The organisms carrying the bacterial toxins were incredibly diverse and included several species of ticks and mites. The team of scientists immediately recognized the potential medical importance of the toxin in one organism in particular – the deer tick, infamous for its ability to transmit Lyme disease.
“We were excited to see this in the deer tick, given the increasing prevalence of Lyme disease in North America. Lyme disease is caused by a bacterium, so we speculated that the transferred antibacterial toxin might affect how the tick interacts with the Lyme disease agent,” said co-author Seemay Chou, a postdoctoral researcher in the Mougous group.

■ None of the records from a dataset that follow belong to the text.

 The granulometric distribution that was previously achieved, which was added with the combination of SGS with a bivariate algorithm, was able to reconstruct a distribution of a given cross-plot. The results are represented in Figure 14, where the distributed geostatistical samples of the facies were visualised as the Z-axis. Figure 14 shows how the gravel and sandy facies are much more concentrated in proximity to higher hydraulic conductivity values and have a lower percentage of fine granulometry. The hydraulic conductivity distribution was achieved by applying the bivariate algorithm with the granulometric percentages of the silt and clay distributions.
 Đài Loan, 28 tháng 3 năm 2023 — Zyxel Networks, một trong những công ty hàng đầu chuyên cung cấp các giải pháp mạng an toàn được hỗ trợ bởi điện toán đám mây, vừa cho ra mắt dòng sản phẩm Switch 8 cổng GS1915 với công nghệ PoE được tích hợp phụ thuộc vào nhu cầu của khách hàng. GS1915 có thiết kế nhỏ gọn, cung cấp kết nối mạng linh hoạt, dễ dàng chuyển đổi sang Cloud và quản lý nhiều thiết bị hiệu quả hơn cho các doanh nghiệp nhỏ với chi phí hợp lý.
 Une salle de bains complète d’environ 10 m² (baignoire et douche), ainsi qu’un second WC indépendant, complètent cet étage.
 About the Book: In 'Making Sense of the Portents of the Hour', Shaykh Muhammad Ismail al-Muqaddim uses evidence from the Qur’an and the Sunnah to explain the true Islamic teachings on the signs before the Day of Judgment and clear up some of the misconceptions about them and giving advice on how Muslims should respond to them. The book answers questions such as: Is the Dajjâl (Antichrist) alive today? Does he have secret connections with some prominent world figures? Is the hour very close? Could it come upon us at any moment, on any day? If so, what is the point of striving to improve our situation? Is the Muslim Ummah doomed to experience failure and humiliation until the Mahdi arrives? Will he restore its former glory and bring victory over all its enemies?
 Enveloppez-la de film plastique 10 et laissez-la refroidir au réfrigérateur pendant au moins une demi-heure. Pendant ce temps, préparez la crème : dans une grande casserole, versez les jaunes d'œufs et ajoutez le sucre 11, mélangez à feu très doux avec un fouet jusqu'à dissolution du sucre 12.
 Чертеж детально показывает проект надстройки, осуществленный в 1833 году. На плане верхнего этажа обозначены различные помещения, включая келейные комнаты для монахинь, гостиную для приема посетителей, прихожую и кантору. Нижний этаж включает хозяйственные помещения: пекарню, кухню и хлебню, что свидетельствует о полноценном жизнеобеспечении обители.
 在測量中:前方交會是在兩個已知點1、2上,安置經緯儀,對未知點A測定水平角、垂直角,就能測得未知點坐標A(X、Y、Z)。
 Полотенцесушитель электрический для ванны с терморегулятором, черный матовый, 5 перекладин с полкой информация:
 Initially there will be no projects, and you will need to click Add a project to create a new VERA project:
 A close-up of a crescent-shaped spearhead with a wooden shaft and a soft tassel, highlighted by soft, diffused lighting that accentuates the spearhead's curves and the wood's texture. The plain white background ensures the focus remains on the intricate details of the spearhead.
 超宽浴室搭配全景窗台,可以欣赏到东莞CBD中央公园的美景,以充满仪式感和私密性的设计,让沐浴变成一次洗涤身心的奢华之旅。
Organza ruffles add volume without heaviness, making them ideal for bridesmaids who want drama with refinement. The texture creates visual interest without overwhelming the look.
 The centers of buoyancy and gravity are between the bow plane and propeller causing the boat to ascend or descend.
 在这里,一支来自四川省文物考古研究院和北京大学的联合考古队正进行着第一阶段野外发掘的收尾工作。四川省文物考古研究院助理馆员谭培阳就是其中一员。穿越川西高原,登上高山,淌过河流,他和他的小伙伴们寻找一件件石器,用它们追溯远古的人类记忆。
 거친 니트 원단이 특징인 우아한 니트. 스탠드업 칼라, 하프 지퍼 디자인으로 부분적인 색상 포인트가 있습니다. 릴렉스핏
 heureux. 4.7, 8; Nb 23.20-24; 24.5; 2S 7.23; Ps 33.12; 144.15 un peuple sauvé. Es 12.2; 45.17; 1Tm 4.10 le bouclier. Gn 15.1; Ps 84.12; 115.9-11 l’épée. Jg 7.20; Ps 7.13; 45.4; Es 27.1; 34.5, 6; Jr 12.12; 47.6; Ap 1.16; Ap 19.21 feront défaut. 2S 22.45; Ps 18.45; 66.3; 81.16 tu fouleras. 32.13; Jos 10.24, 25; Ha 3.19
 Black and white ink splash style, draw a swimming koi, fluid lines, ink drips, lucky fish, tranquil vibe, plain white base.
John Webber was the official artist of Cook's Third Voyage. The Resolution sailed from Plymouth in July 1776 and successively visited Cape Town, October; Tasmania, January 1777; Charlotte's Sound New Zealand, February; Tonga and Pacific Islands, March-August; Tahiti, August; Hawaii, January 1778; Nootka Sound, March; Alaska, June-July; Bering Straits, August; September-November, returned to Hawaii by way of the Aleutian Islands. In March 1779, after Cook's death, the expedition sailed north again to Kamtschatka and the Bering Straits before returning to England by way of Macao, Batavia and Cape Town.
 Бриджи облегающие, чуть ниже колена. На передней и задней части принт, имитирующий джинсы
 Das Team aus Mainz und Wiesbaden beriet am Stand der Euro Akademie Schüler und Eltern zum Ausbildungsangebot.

Ticks carry pathogens in their guts and transmit them through their saliva when they feed on animals. The toxin was abundant in both of these sites in the tick. The researchers observed that, when they used genetic strategies to reduce production of the toxin in ticks, levels of the Lyme disease pathogen rose significantly.
“We are now following up on these results by looking into how these toxins influence Lyme disease transmission,” said Chou.
How the toxins function in organisms other than ticks remains to be explored. The researchers now are looking at the possibility that other bacterial toxins have been repurposed by animals for antibacterial defense.
“Given the rate by which we are discovering new toxins, it would not surprise me at all if we find more that have been horizontally transferred” noted Mougous.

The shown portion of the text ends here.